Sessions are processed with adaptive compression prior to LLM inference, using fixed and variable context budgets, and are scored using answer accuracy, retrieval F1/Recall@k, coherence (consistency/coherence metrics), token reduction, and latency.

Main Results

The adaptive framework delivers:

  • Answer Accuracy: 0.89–0.91 (LOCOMO), exceeding fixed-memory and retrieval-only baselines.
  • Retrieval Accuracy: 0.94–0.95 (LOCOMO), with robust recall preservation.
  • Recall: 0.68–0.71 (LOCOMO), outperforming competing memory systems particularly in late-session turns.
  • Consistency/Coherence (LOCCO): 4.45–4.60, indicating improved conversational continuity across sessions.
  • Token Reduction: 25–55% across varying session lengths and domains.
  • Latency Improvement: 10–35%, highlighting computational benefits due to reduced input size. Figure 2

    Figure 2: Comparative performance analysis demonstrating sustained answer/retrieval/recall accuracy and high coherence with adaptive compression versus prior state-of-the-art memory systems.

Efficiency scores outpace recent schemes such as ILSTMA (21.45% execution time reduction), LAVA (>>9× decoding speedup with negligible extra computation), and ATACompressor (up to 27× compression ratios), while maintaining answer quality and stability. Figure 3

Figure 3: Token and latency efficiency comparison, showing adaptive context compression outperforms fixed and task-agnostic methods without loss of accuracy.

Analysis of Coherence and Long-Term Memory

Experimental results confirm that explicit coherence-sensitivity in context pruning prevents context drift and catastrophic forgetting typical of token-budget optimizers. Dialogue units critical for causal consistency and cross-session references are preferentially preserved due to combined scoring, differentiating the framework from context window extenders or memory-only retrievers. The method achieves consistency and coherence improvements over LOCCO benchmarks, indicating suitability for agents in persistent dialogue or QA settings.

Theoretical and Practical Implications

The methodological advance consists of closing the gap between efficiency-driven context compression and long-term conversational coherence. By making context inclusion dependent on both semantic relevance and coherence risk, the approach provides a defense against the context "flushing" or informational entropy buildup that afflicts large window inputs in memory-augmented transformers. The framework's results demonstrate that adaptive budgets and real-time filtering outperform fixed-window strategies, especially as session durations grow or as memory requirements move into the hundreds of turns.

Practically, this enables deployment of multi-turn agents with theoretical guarantees against abrupt context decay, while minimizing hardware and inference costs.

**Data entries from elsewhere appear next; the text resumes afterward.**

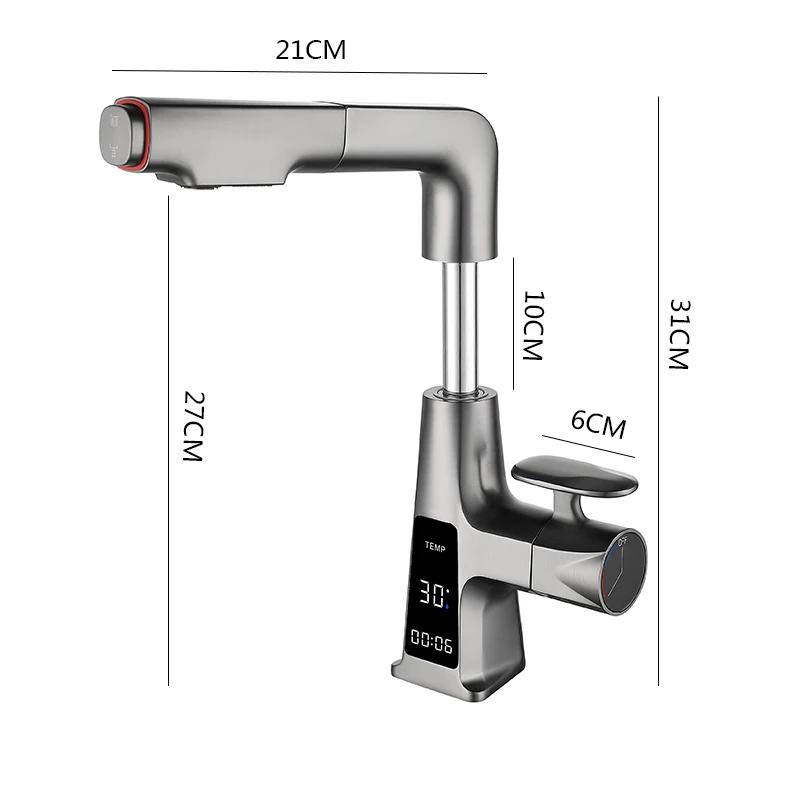 Robinet de lavabo en laiton extractible, robinets d’évier, fonction d’affichage numérique LED, robinets de salle de bains, robinet d’évier de salle de bains pour le lavageRobinet de lavabo en laiton extractible, robinets d’évier, fonction d’affichage numérique LED, robinets de salle de bains, robinet d’évier de salle de bains pour le lavage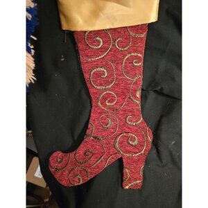 Victorian-Inspired Red & Gold Swirl Christmas Stocking Boot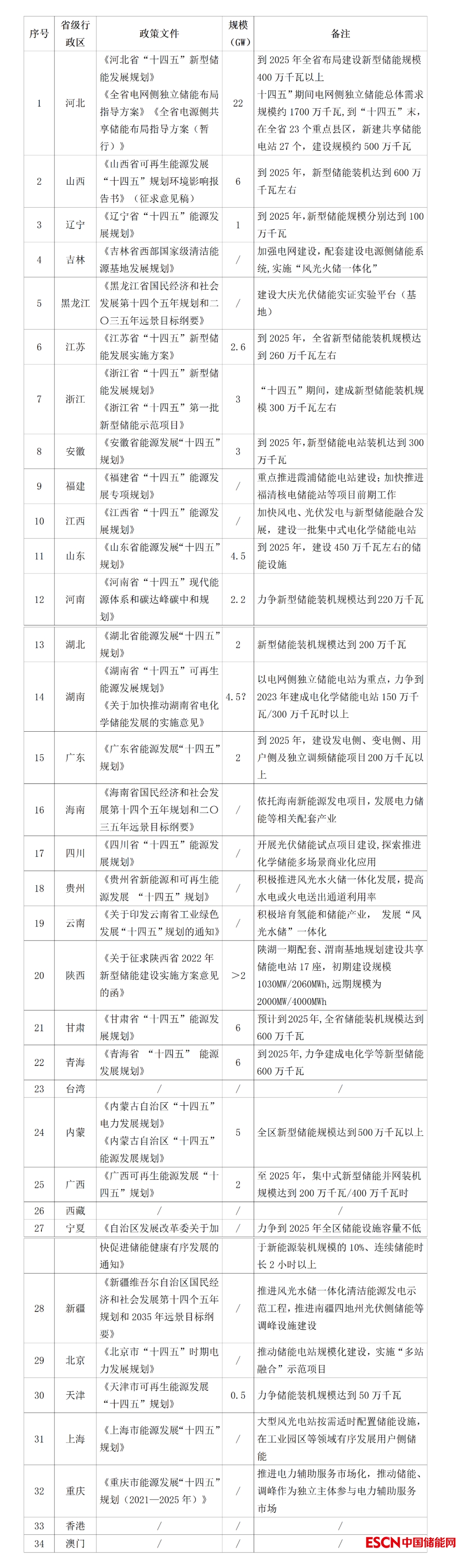 中國儲能網(wǎng)訊:“十四五”是儲能由商業(yè)化初期向規(guī)?;l(fā)展轉(zhuǎn)變的關(guān)鍵階段,截至2022年11月,有17個省市明確公布了“十四五”儲能目標,到2025年新型儲能裝機共計超50GW。具體如下表所示: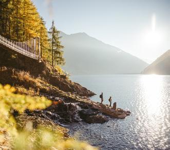 In estate, il lago di Vernago si accende di riflessi dorati e invita a passeggiare lungo un sentiero circolare tra boschi ombrosi e scorci alpini.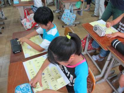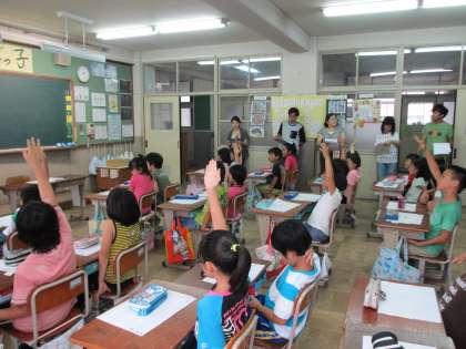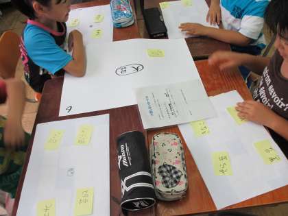 今日の5校時に3年2組は,総合的な学習の時間で「もりもり大豆はかせになろう」という勉強をしました。まず一人ひとりが作ったイメージマップから四つの言葉を選び,グループで交流しました。次に,話し合いながらウェビングマップを作っていきました。

These robust properties are critical for the scalability of LLMs in settings such as customer service, process automation, or multi-session task workflows.

Future Directions

The synergy between dynamic memory selection, coherence maintenance, and adaptive token budgeting opens several avenues:

  • Extension to multi-agent conversational ecosystems where shared memory consistency is a requirement;
  • Integration with fine-grained user simulation benchmarks to optimize over personalized dialogue retention;
  • Hardware-aware implementations where context compression can be co-designed with efficient decoding pipelines for edge and mobile deployment.

Conclusion

This study provides a comprehensive framework for adaptive context compression in long-running LLM interactions, demonstrating superior answer quality, retrieval performance, and coherence compared to prior art, with notable efficiency gains. The explicit integration of coherence metrics into compression and the practical realization of dynamic context budgeting are key contributions, facilitating the deployment of scalable, stable dialogue agents in persistent or resource-constrained environments. The results suggest a paradigm for efficient, high-fidelity context management as LLM applications continue to scale in duration, complexity, and user expectations.